In May, six months after Teenie’s Take-Home Market opened on Petticoat Lane in Mountain Brook Village, she gained not only a following of loyal customers, but a nomination as Retailer of the Year from the Alabama Retail Association.

“We opened on Nov. 17, and it’s been full blast since then,” Liollio said.

Teenie’s Take-Home Market features scratch-made take-and-bake meals that reflect her Greek-Italian heritage. Customers take home oven-ready meals that are heat-and-eat.

Avgolemono, the fragrant lemon-flavored chicken soup, Greek Chicken and Rice and Meat Lasagna are probably the three most popular dishes and are always available to order Liollio said. The lasagna is available in regular and gluten-free versions. It uses lasagna noodles made from hearts of palm, which are low carb. 

The family-style meals are versions of her family’s recipes, tweaked a bit to produce the food in mass quantities, Liollio said. 

Each week, Teenie’s features different items, which are posted on its website, coconut-beige-xjze.squarespace.com. Eggplant Parmesan and Baked Zucchini are recent examples. 

There also are bakery and other items supplied by local women-owned businesses, such as gluten-free brownies from BlueRoot Co. and Dryft Coffee, which Teenie’s partners with and promotes.

Little Teenie Cakes, which grew out of an effort to make a treat similar to a glazed snack cake, debuted in December. Liollio asked a friend who is a baker to make such a cake in a Christmas tree shape. 

“They were sold out. We couldn’t keep enough in the store. I think we made like 80 dozen,” she said of the treats, which remain popular and now come in different holiday themes and flavors.

Pandemic Response

The seeds for Teenie’s came about during the COVID-19 pandemic. 

Liollio always enjoyed cooking and catering. During the lockdown in 2020, when she couldn’t organize gatherings, she started cooking dishes and asking friends via text message whether they wanted to sample the food. 

“It’s how I kept myself going during the pandemic,” she said. 

In February 2021, she had to stop cooking because the World Games were coming up and the company she founded in 2019, Local Link Bham, was involved in the event. Local Link Bham is a service that links organizations with members of the hospitality industry to help coordinate food and beverage service for events. 
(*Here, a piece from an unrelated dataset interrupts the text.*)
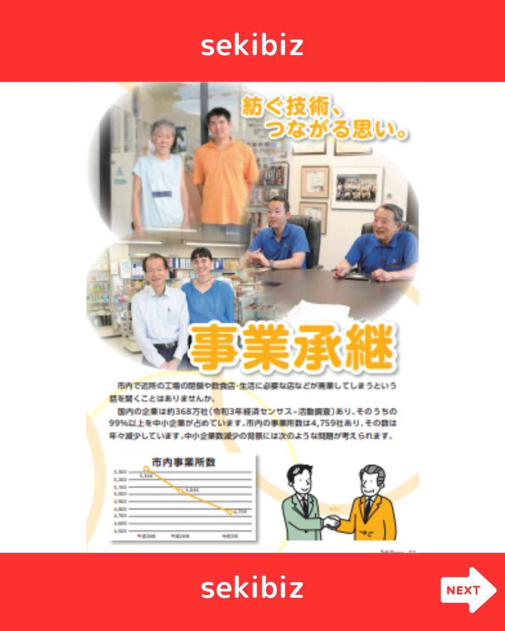 ~事業承継について考えてみませんか?~ ・親族内継承 ・第三者継承 ・従業員継承 など今月号はトップページにて3名様の事業承継インタビューが記載されています! そのうち岡田さん・船木さんは実際にセキビズへ相談に来られ、事業承継を実現しています。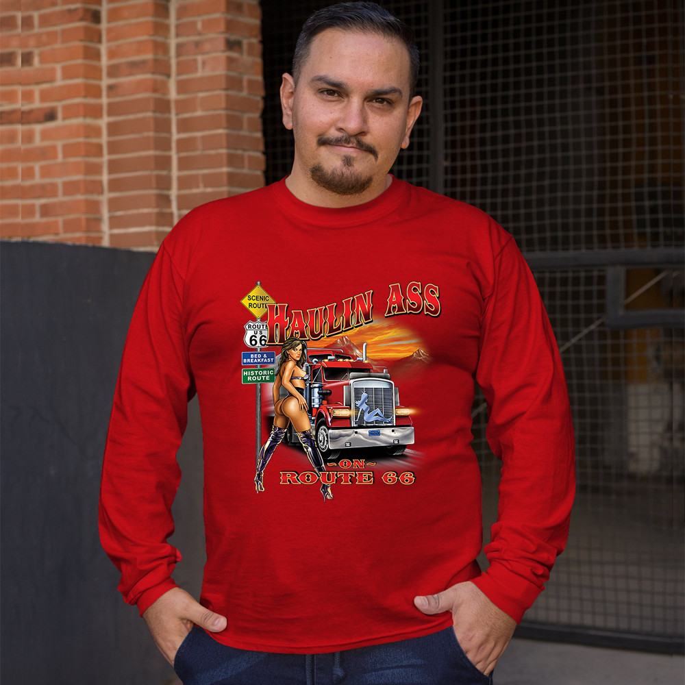 A print featuring a scantily-clad brunette woman standing by a Route 66 sign. A classic truck is passing by and the print says: "Haulin Ass on Route 66". A great choice for anyone who appreciates beautiful women and is a fan of the legendary Mother Road.

She met BlueRoot owner Jennifer Ryan during the World Games. About the time Liollio was thinking of starting Teenie’s, Ryan was moving BlueRoot from its space on Petticoat Lane to Pepper Place. Liollio said she reached out to Ryan in September or so and moved into BlueRoot’s vacated space just a few months later.

Handed Down in the Family

Her cooking skills began while growing up in the Glen Iris area by “learning to cook right” from her Italian grandmother and great-grandmother. Every Saturday she went to her great-grandmother’s to help her make meatballs and Italian tomato sauce for Sunday dinner.  
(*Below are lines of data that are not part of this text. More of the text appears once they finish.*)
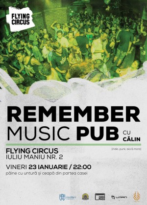 Vineri, 23 Ianuarie 2015, începând cu ora 22:00, Flying Circus Pub Cluj-Napoca te invită la petrecerea intitulată Remember Music Pub alături de Călin.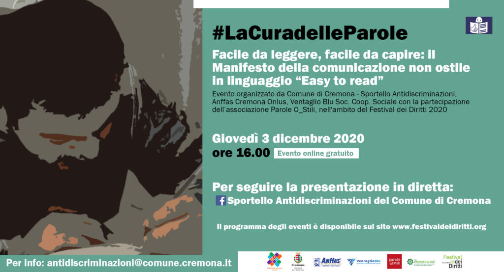 Giovedì 3 dicembre alle ore 16.00, in occasione della Giornata Internazionale delle Persone con Disabilità, si terrà l’incontro ‘La Cura delle Parole’ durante il quale verrà presentato il Manifesto della comunicazione non ostile nella traduzione in linguaggio Easy to Read – facile da leggere e da capire. L’evento è organizzato dal Comune di Cremona – Sportello Antidiscriminazioni, Anffas Cremona Onlus, Coop. Sociale Ventaglio Blu, con la partecipazione di Parole O_Stili, l’associazione triestina che ha dato vita al Manifesto e ne promuove la diffusione.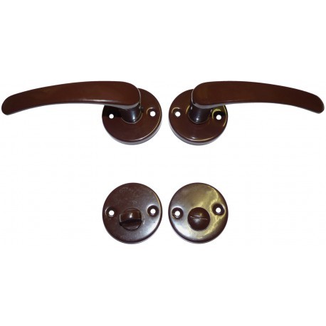Klika Michaela + rozeta WC Hnědá je interiérová klika. WC-klučka + rozeta. V balení se nacházejí šrouby.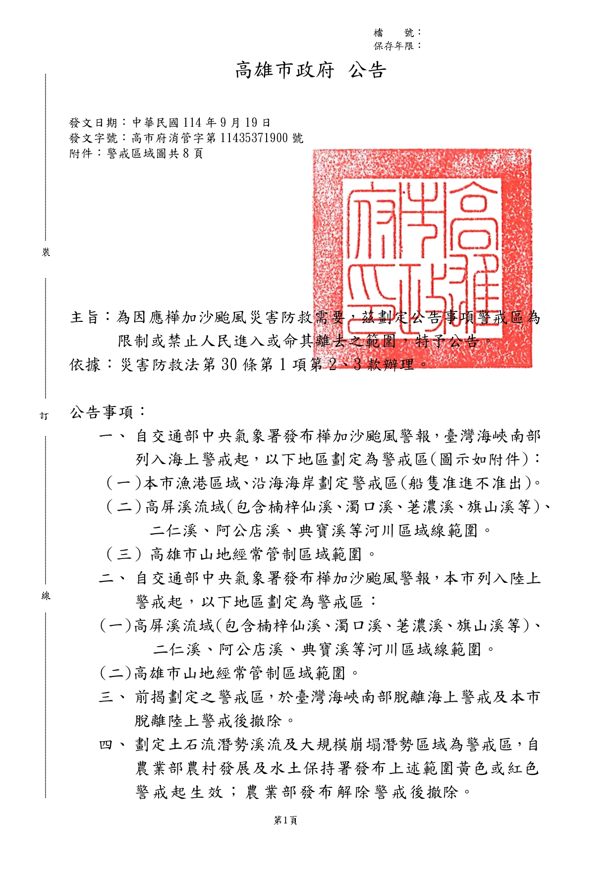 1140919樺加沙颱風警戒區公告(正式)含圖資

She learned hospitality at a young age while tagging along as a child at her father’s restaurants in the Florida Panhandle.

In high school and while earning a degree in communications and marketing from Spring Hill College in Mobile, Liollio worked as a restaurant hostess and waitress. After graduation, she was hired by Jim ‘N Nick’s BBQ in 2007 as catering manager and then took on a variety of roles, including regional manager and general manager for off-premises sales. 

Through Local Link, she’s working with the city of Hoover during the SEC baseball tournament and recently signed on to work with an Italian Festival in Birmingham next year. Local Link also works with area nonprofits such as Children’s Harbor and manages events for the Jones Valley Teaching Farm.

One event coming up that might force Liollio to temporarily close Teenie’s is a public works project on Petticoat Lane that will mean closing parts of the road and cutting off electricity and access to the shop. 

Liollio said she’s been told the phase that could affect her business is expected to begin June 12.

“We will likely make the decision to be closed for a couple of weeks while the work is going on,” she said, noting that Teenie’s will reopen as soon as possible.